The pope hesitated a moment before saying, “You’ll see, Alberto.”
Then Clement shuffled away as the prefect slammed shut the Riserva’s gate.
TWENTY-TWO
BUCHAREST
SATURDAY, NOVEMBER 11
6:00 A.M.
Katerina had slept poorly. Her neck was sore from Ambrosi’s attack, and she was mad as hell with Valendrea. Her first thought was to tell the secretary of state to screw himself and then tell Michener the truth. But she knew that whatever peace they might have forged last evening would be shattered. Michener would never believe that her main reason for allying herself with Valendrea was the chance to again be close to him. All he would see was her betrayal.

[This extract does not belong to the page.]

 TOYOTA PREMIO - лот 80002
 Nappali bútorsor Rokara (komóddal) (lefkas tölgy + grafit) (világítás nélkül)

Tom Kealy had been right about Valendrea. That is one ambitious bastard. More than Kealy ever knew, she thought, staring again at the ceiling of the darkened room and massaging her bruised muscles. Kealy was also right about something else. He once told her there were two kinds of cardinals—those who want to be pope and those who really want to be pope. She now added a third kind—those who coveted to be pope.
Like Alberto Valendrea.
She hated herself. There was an innocence about Michener that she’d violated. He couldn’t help who he was or what he believed. Maybe that was what actually attracted her to him. Too bad the Church wouldn’t allow its clerics to be happy. Too bad the way things had always been controlled what would always be. Damn the Roman Catholic Church. And damn Alberto Valendrea.

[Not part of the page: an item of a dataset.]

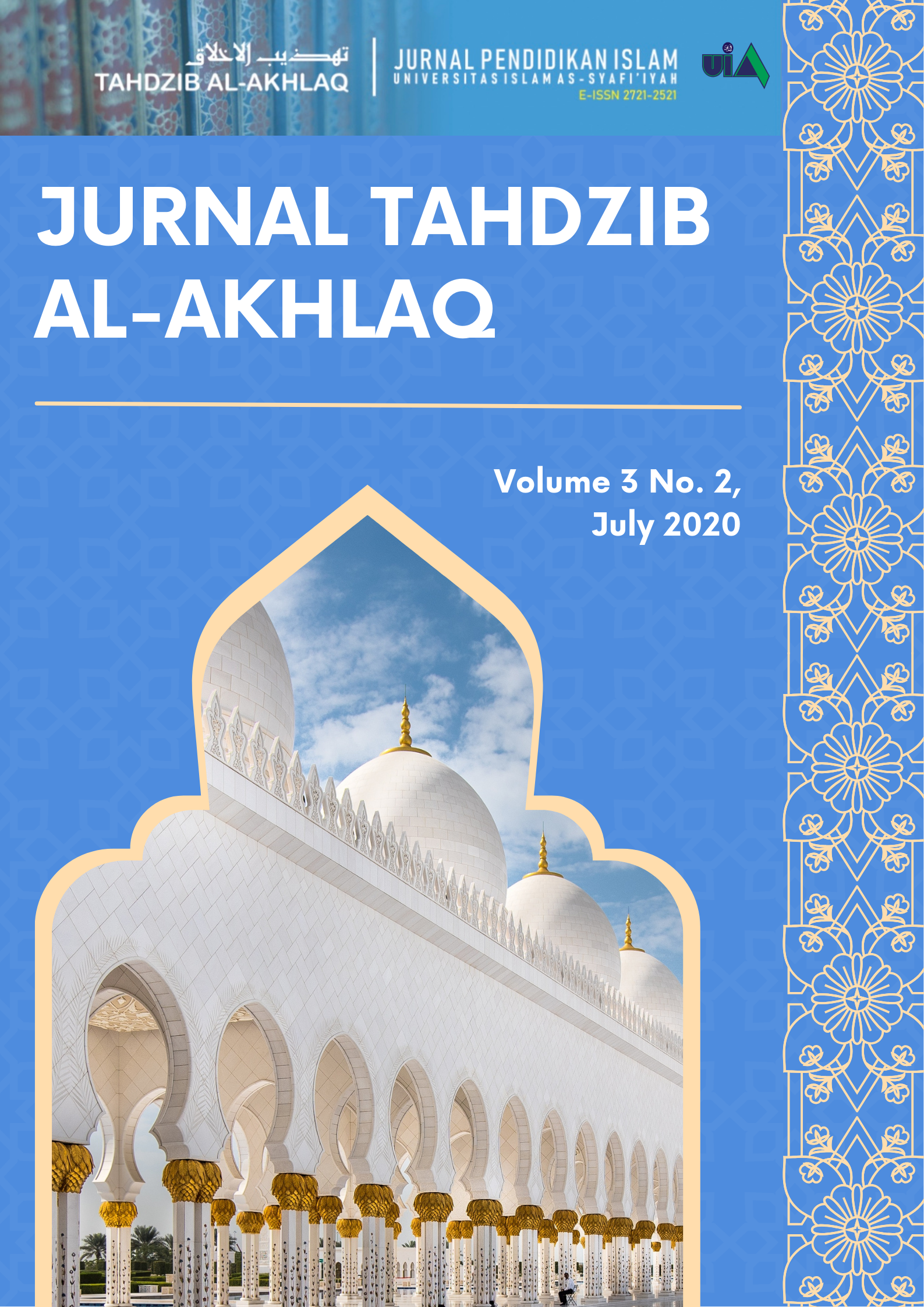 Vol. 7 No. 2 (2024)Alhamdulillah, all praise be to Allah SWT, because only with his help can the plan to publish the Journal of Tahdzib Al-Akhlaq: Journal of Islamic Education be realized. In this edition of Volume 7, No. 2 (2024), 11 (eleven) articles are published, among others, as follows: CHARACTER EDUCATION THROUGH INTEGRATION OF LOCAL AND GLOBAL VALUES by Attabik Luthfi, LOCAL WISDOM OF MUJAHADAH PRAYER AND ITS INFLUENCE ON TEACHER SPIRITUALITY IN EDUCATING AT PONDOK TAHFIDZ MAMBAUL ULUM WARU SIDOARJO by Bagus Malik Alindra, Halim Soebahar, Moch. Chotib, Muhammad Noor Harisudin, THE APPLICATION OF ISLAMIC EDUCATION MANAGEMENT IN MAJELIS TAKLIM ACTIVITIES BAITURRAHIM CIMANGGIS DEPOK by Abdul Manaf, THE CONCEPT OF DA’WAH IN CHARACTER BUILDING OF SUPERIOR GENERATION IN THE MILLENNIAL ERA-ZILLENNIAL PERSPECTIVE OF THE QUR’AN TOWARDS GOLDEN INDONESIA 2045 by Dona Fitria, Daud Rasyid, Marliza Oktapiani, LEARNING MODEL OF TAHFIDZ-BASED ISLAMIC RELIGIOUS EDUCATION IN TAUD SAQU JEMBER by Hasna' Huwaida, Sofia Fahrany, FATHER'S ROLE IN CHILD EDUCATION PERSPECTIVE OF AL-QUR'AN SURAH LUQMAN VERSES 12-19 (TAFSIR AL-QURTHUBI, TAFSIR IBNU KATSIR, TAFSIR FI ZHILALIL QUR'AN AND TAFSIR AL-MUNIR) by Anastasia Winarti, Suhartini Ashari, THE ROLE OF TECHNOLOGY IN ARABIC-INDONESIA TRANSLATION: TRANSFORMATION OF EDUCATION IN THE DIGITAL ERA by Arum Tri Budiarti, Mirsa Tri Andani, Wira Fitria, Sahkholid Nasution, THE INFLUENCE OF UNDERSTANDING ISLAMIC RELIGIOUS EDUCATION ON STUDENTS LEARNING MOTIVATION AT SMK PONCOL 65 CENTRAL JAKARTA by Dody Ahmad Fathnur, Nahuda Nahuda,PROSPECTS AND CHALLENGES OF DA'WAH WITH THE APPROACH OF EDUCATIONAL PSYCHOLOGY AND COUNSELING GUIDANCE IN ISLAMIC COMMUNICATION by Siti Nuri Nurhaidah, Siti Nurhikmah Zaid, Zainul Abidin, Khaeruddin Khaeruddin, Syifa Nurlatifah, IMPLEMENTATION OF TRUE OR FALSE LEARNING STRATEGY TO IMPROVE LEARNING ACHIEVEMENT IN THE SUBJECT OF CREED AND MORALS OF GRADE VII STUDENT MTs AL MUHAJIRIN BANDAR LAMPUNG by Aisyah Setiawati, Arizal Eka Putra, Muslim Basyar, and DA'WAH STRATEGY THROUGH THE BOOK OF 'AQIDATUL MUJMALAH' AT THE MAJELIS TAKLIM KH. ABDULLAH SHAFI'I: Analysis of Methods and Their Impact on Strengthening Aqidah by Sarbini Anim, Badrah Uyuni, Zamakhsyari Abdul Majid. Thank you. Hopefully useful.

She’d slept in her clothes, and for the past two hours she’d patiently waited. Now squeaks in the floorboards above alerted her. Her eyes followed the sound as Colin Michener stepped around his room. She heard water running in the basin and waited for the inevitable. A few moments later footsteps led toward the hall and she heard the door above open and close.

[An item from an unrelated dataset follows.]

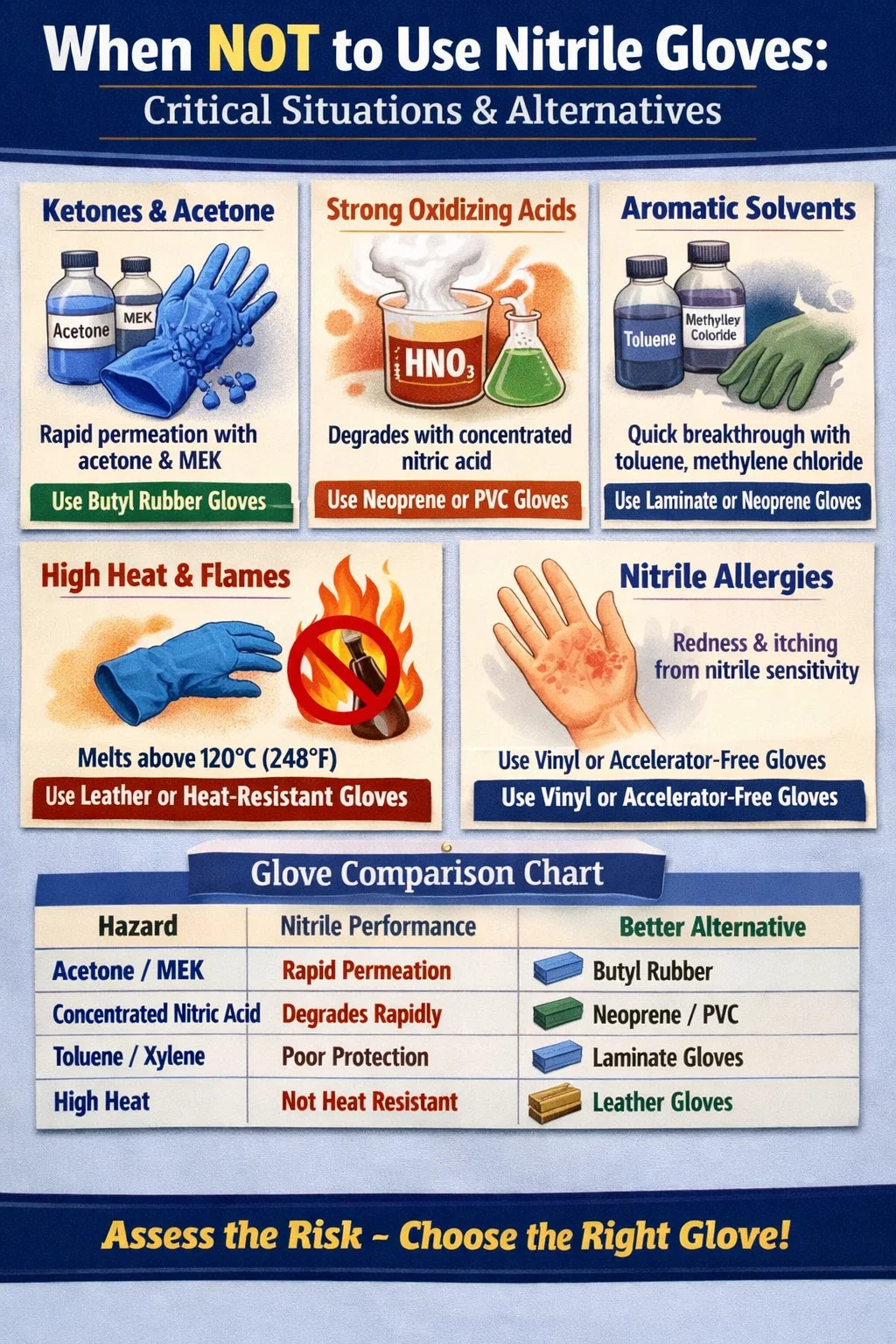 Brevis responsio: vitare chirothecas nitriles cum ketones quaedam tractantes, acida oxidentia valida, vel menstruata compacta; cum labore nimio aut flammas apertas; si subtilis dexteritas tangendi critica est, et opus diuturnitas brevis est; vel cum induto earum sensitivum nitrile documentum habet. Legitur in plena naufragii.

She stood, left the room, and made her way to the stairwell just as the bathroom door in the hall above closed. She crept up the stairs and hesitated at the top, waiting to hear water flowing in the shower. She then hustled down a threadbare runner, over uneven hardwood planks, to Michener’s room, hoping he still did not lock anything.
The door opened.
She stepped inside, and her eyes found his travel bag. His clothes from last night and jacket were there, too. She searched the pockets and found the envelope Father Tibor had provided. She recalled Michener’s habit of short showers and tore open the envelope:
Holy Father:
I kept the oath that John XXIII imposed upon me because of my love for our Lord. But several months ago an incident caused me to rethink my duty. One of the children at the orphanage died. In the final moments of his life, while he screamed in pain, he asked me about heaven and wanted to know if God would forgive him. I could not imagine what this innocent would need forgiven, but I told him the Lord will forgive anything. He wanted me to explain, but death was impatient and he passed before I could. It was then I realized that I, too, must seek forgiveness. Holy Father, my oath to my pope meant something to me. I kept it for more than forty years, but heaven should not be challenged. It is certainly not for me to tell you, the Vicar of Christ, what needs to be done. That can come only from your own blessed conscience and the guidance of our Lord and Savior. But I must ask, how much intolerance will heaven allow? I mean no disrespect, but it is you who have sought my opinion. So I offer it humbly.